Долго было тихо, и в тишине слышалось одинокое позвякивание цепи в конуре под амбарами.
– Жутко не тут… – неожиданно громко, страстно и чересчур приходя в движение, вдруг заговорил Соловейчик. – Не тут! А вот тут и тут!..
Он показал себе на лоб и грудь.
– Что так? – спокойно спросил Санин.
– Послушайте, – еще громче и страстнее продолжал Соловейчик, – вот вы сегодня ударили человека и разбили ему лицо… и вы даже, может того быть, разбили ему жизнь… Вы, пожалуйста, не сердитесь на мине, что я так спрашиваю, потому что я очень много думал… Я вот тут сидел и думал, и мине стало очень нехорошо… Вы, пожалуйста, мине отвечайте!
На мгновение обычная угодливая улыбочка искривила его лицо.
– Спрашивайте, о чем хотите, – улыбнулся Санин. – Вы боитесь меня обидеть, что ли? Этим меня обидеть нельзя. Что я сделал, то и сделал… если бы я думал, что сделал скверно, я бы и сам сказал…

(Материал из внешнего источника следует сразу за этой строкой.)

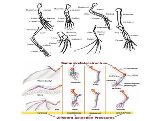 3. Evidence for evolution includes homologous and analogous structures in different species as well as the fossil record showing changes over time.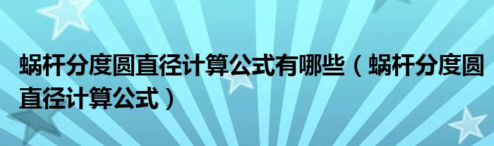 关于蜗杆分度圆直径计算公式有哪些,蜗杆分度圆直径计算公式这个很多人还不知道,今天菲菲来为大家解答以上的问题,现在让我们一起来看看吧!

– Я хотел вас спросить, – возбужденно заговорил Соловейчик, – вы себе представляете, что, может, вы совсем убили того человека?
– Я в этом почти и не сомневаюсь, – ответил Санин, – такому человеку, как Зарудин, трудно иначе выпутаться, как покончив или со мной, или с собой… Но со мной он… психологический момент упущен: он был слишком разбит, чтобы идти меня убивать сейчас же, а потом уже духу не хватит… Дело его кончено!
– И вы себе спокойно говорите это?
– Что значит «спокойно»? – возразил Санин. – Я не могу спокойно смотреть, как курицу режут, а тут все-таки человек… Бить тяжело… Правда, все-таки чуточку приятна собственная сила, а все-таки скверно… Скверно, что так грубо вышло, но совесть моя спокойна. Я – это только случайность; Зарудин погибает потому, что вся жизнь его была направлена по такому пути, на котором не то удивительно, что один человек погиб, то удивительно, как они все не погибли! Люди учатся убивать людей, холить свое тело и совершенно не понимают, что и к чему они делают… Это сумасшедшие, идиоты! А если выпустить на улицу сумасшедших, они все перережутся… Чем я виноват, что защищался от такого сумасшедшего?
– Но вы его убили! – упрямо повторил Соловейчик.
– А это уж пусть апеллирует к Господу Богу, который свел нас на такой дороге, на которой нельзя было разойтись.
– Но вы могли его удержать, схватить за руки!.. Санин поднял голову.
– В таких случаях не рассуждают, да и что бы из того вышло? Закон его жизни требовал мести во что бы то ни стало… Не век же мне его за руки держать!.. Для него это еще одно лишнее оскорбление, и только!..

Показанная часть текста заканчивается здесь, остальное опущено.